Iran's IRGC and IRGC-Qods Force Support Terrorist Groups. Elements of Iran's Islamic Revolutionary Guard Corps (IRGC) have been directly involved in the planning and support of terrorist acts throughout the world, including in the Middle East, Europe and Central Asia, and Latin America. The IRGC-Qods Force, which has been designated under Executive Order 13224 for providing material support to the Taliban and other terrorist groups, is the Iranian regime's primary mechanism for cultivating and supporting terrorist and militant groups abroad. Qods Force-supported groups include: Lebanese Hizballah; Palestinian terrorists; certain Iraqi Shi'a militant groups; and Islamic militants in Afghanistan and elsewhere. The Qods Force is especially active in the Levant, providing Lebanese Hizballah with funding, weapons and training. It has a long history of supporting Hizballah's military, paramilitary and terrorist activities, and provides Hizballah with more than $100 to $200 million in funding each year. The Qods Force continues to provide the Taliban in Afghanistan with limited weapons, funding, logistics and training in support of anti-U.S. and anti-coalition activities.

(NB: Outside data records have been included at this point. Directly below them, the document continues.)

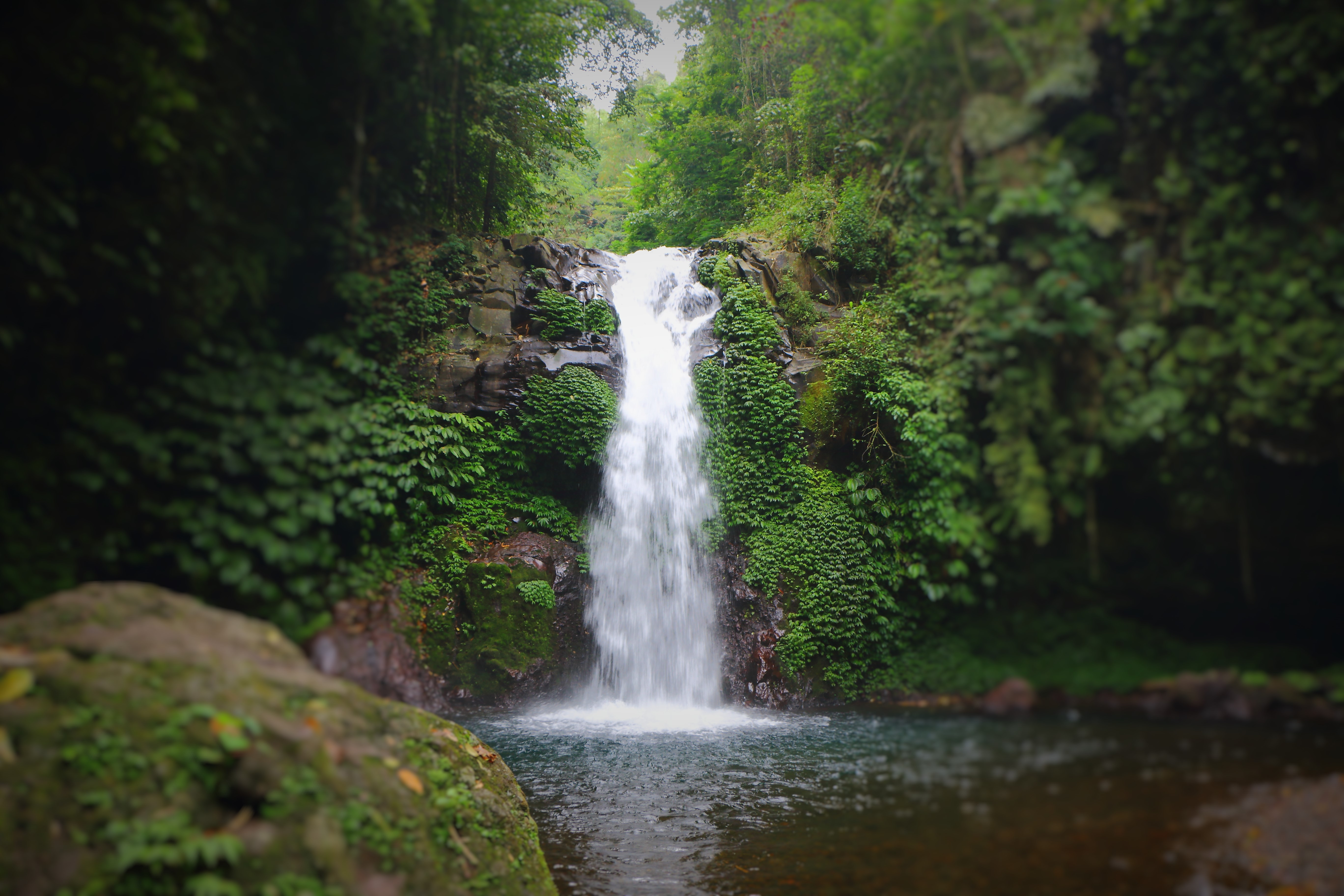 Gitgit waterfall, located in Bali, Indonesia.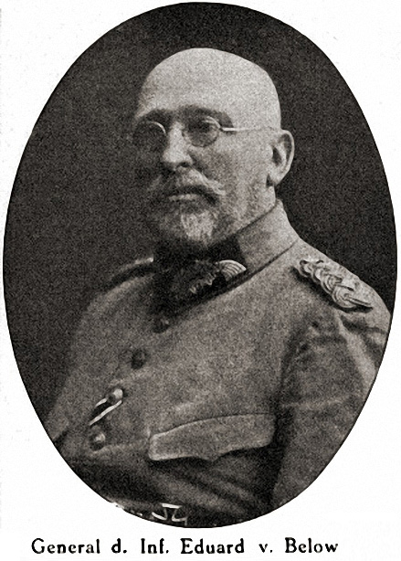 prussain general Eduard Georg Gustav von Below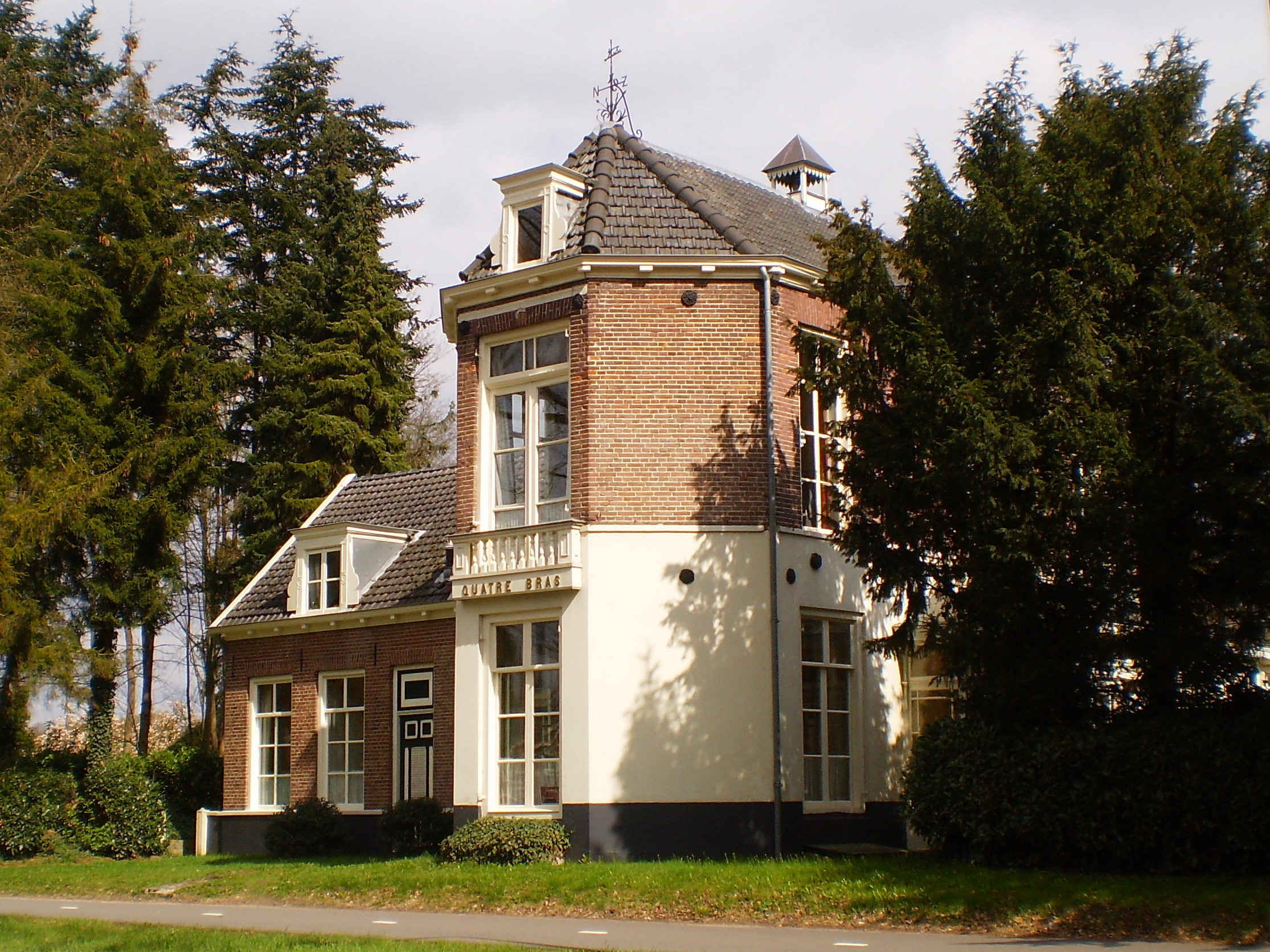 Quatre Bras estate in Quatre Bras, Lochem municipality, the Netherlands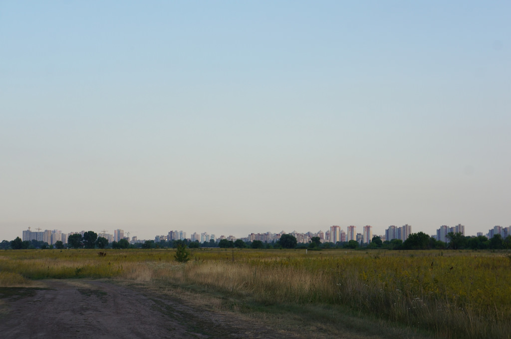 Troješčyna neighbourhood in Kyiv, Ukraine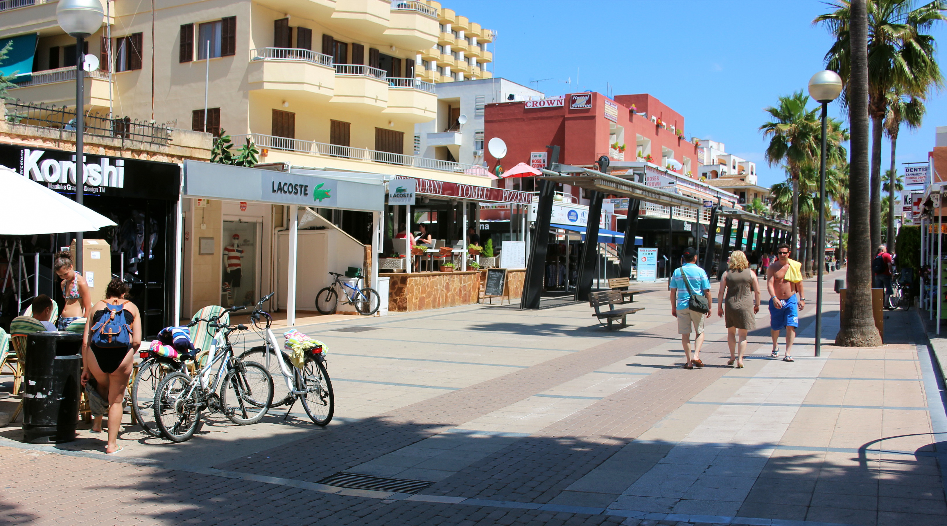 Pedestrianized area of ​​Cala Millor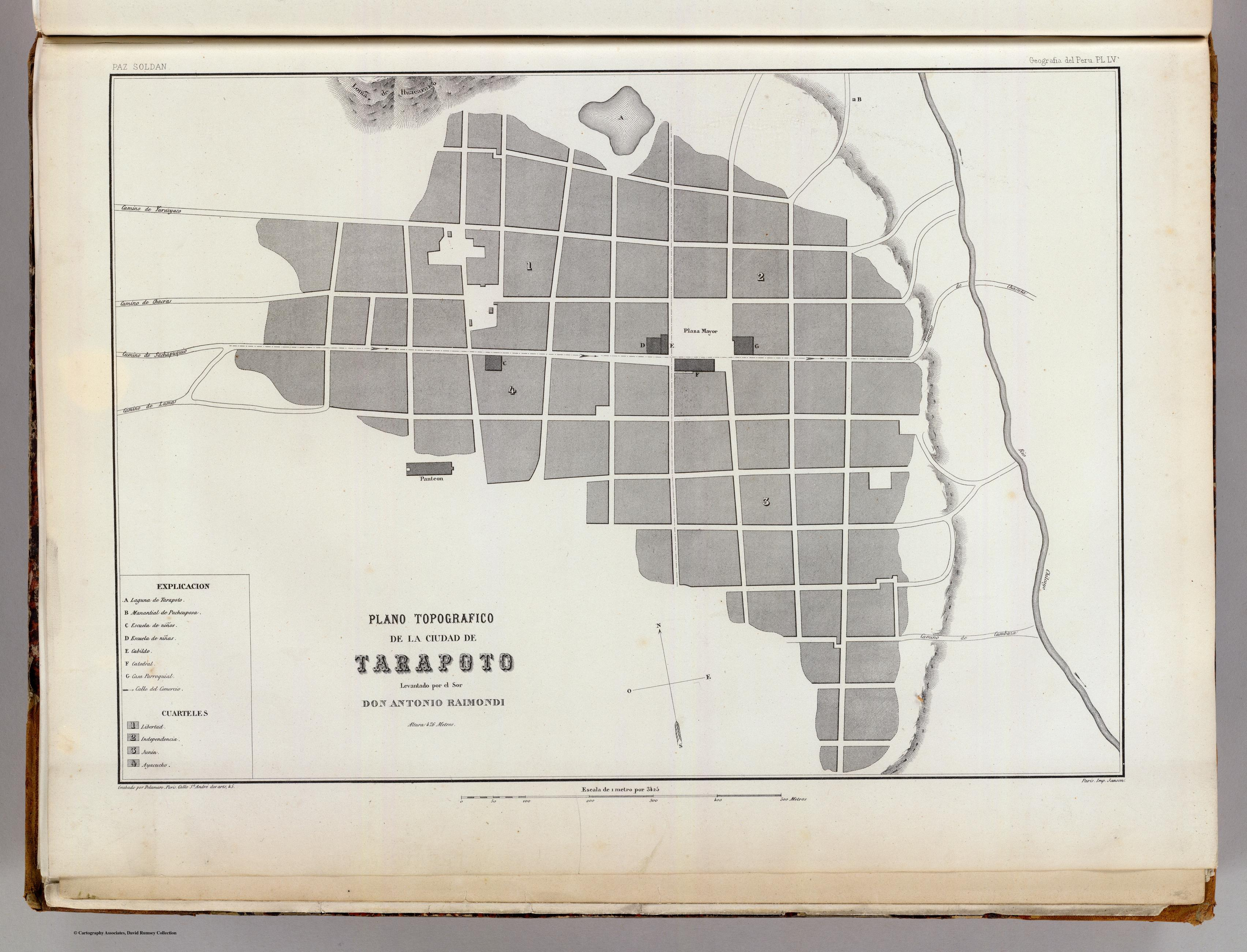 The first Atlas of Peru, with wonderful maps, plans, thematic maps, views and statistical information. The atlas exudes the optimism of the period. In addition to the forty five maps and plans, there are twenty three views and scenes, including a very large fold out panorama of Paz Soldan's home city of Arequipa. This issue's title page is the same as Sabin's; the title of the copy listed in Phillips does not have the dedication to Castilla and has Fermin Didot Hermanos as the publisher - which is also the case with the copy owned and described by Michael Layman in TM C. Apparently there were two Spanish issues made in the same year in Paris; Durand also published a Paris edition in French in 1865. The contents of our copy and Layland's copy appear to be identical, so perhaps only the title pages were different. Nine of the Department maps in our copy are hand colored, with the rest uncolored (normally the Department maps are uncolored). Paz Soldan published a large six sheet Mapa del Peru in 1864 (see The Map Collector). Atlas is bound in half leather brown marbled paper covered boards with "Paz Soldan. Atlas Geografico Del Peru" stamped in gold on the spine.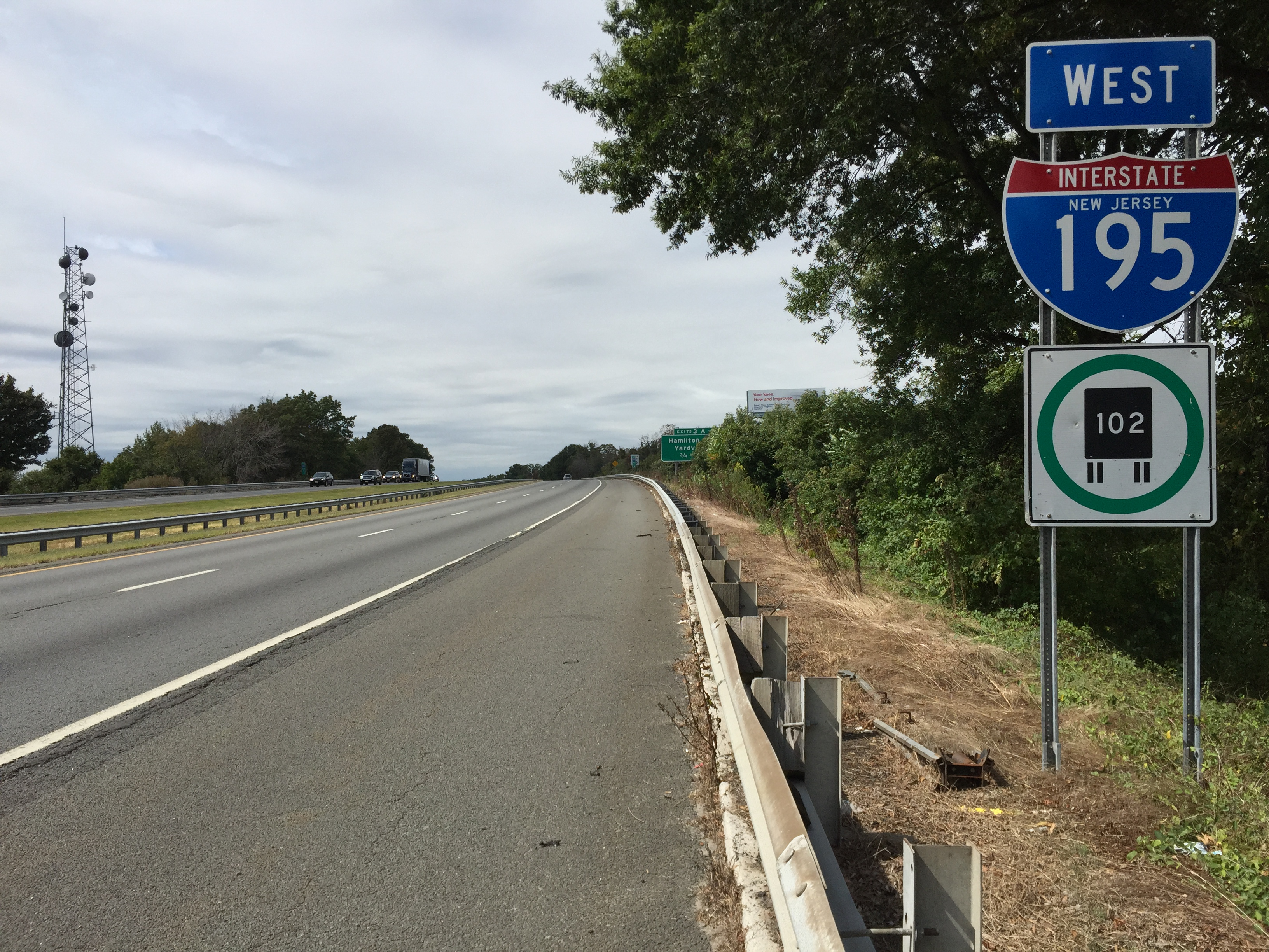 View west along Interstate 195 (Central Jersey Expressway) just west of Exit 5 (U.S. Route 130, New Brunswick, Bordentown) in Hamilton Township, Mercer County, New Jersey

Iran Uses its Banks to Finance Terrorism. In a number of cases, Iran has used its state-owned banks to channel funds to terrorist organizations. Between 2001 and 2006, Bank Saderat transferred $50 million from the Central Bank of Iran through Bank Saderat's subsidiary in London to its branch in Beirut for the benefit of Hizballah fronts that support acts of violence. Hizballah also used Bank Saderat to send funds to other terrorist organizations, including Hamas, which itself had substantial assets deposited in Bank Saderat as of early 2005. The Treasury Department designated Bank Saderat under E.O. 13224 for providing financial services to Hizballah, Hamas and PIJ. Australia has also designated Bank Saderat. Iran's Bank Melli, which has been designated by the United States under E.O. 13382 for proliferation-related activities, was used to transfer at least $100 million to the IRGC-Qods Force between 2002 and 2006.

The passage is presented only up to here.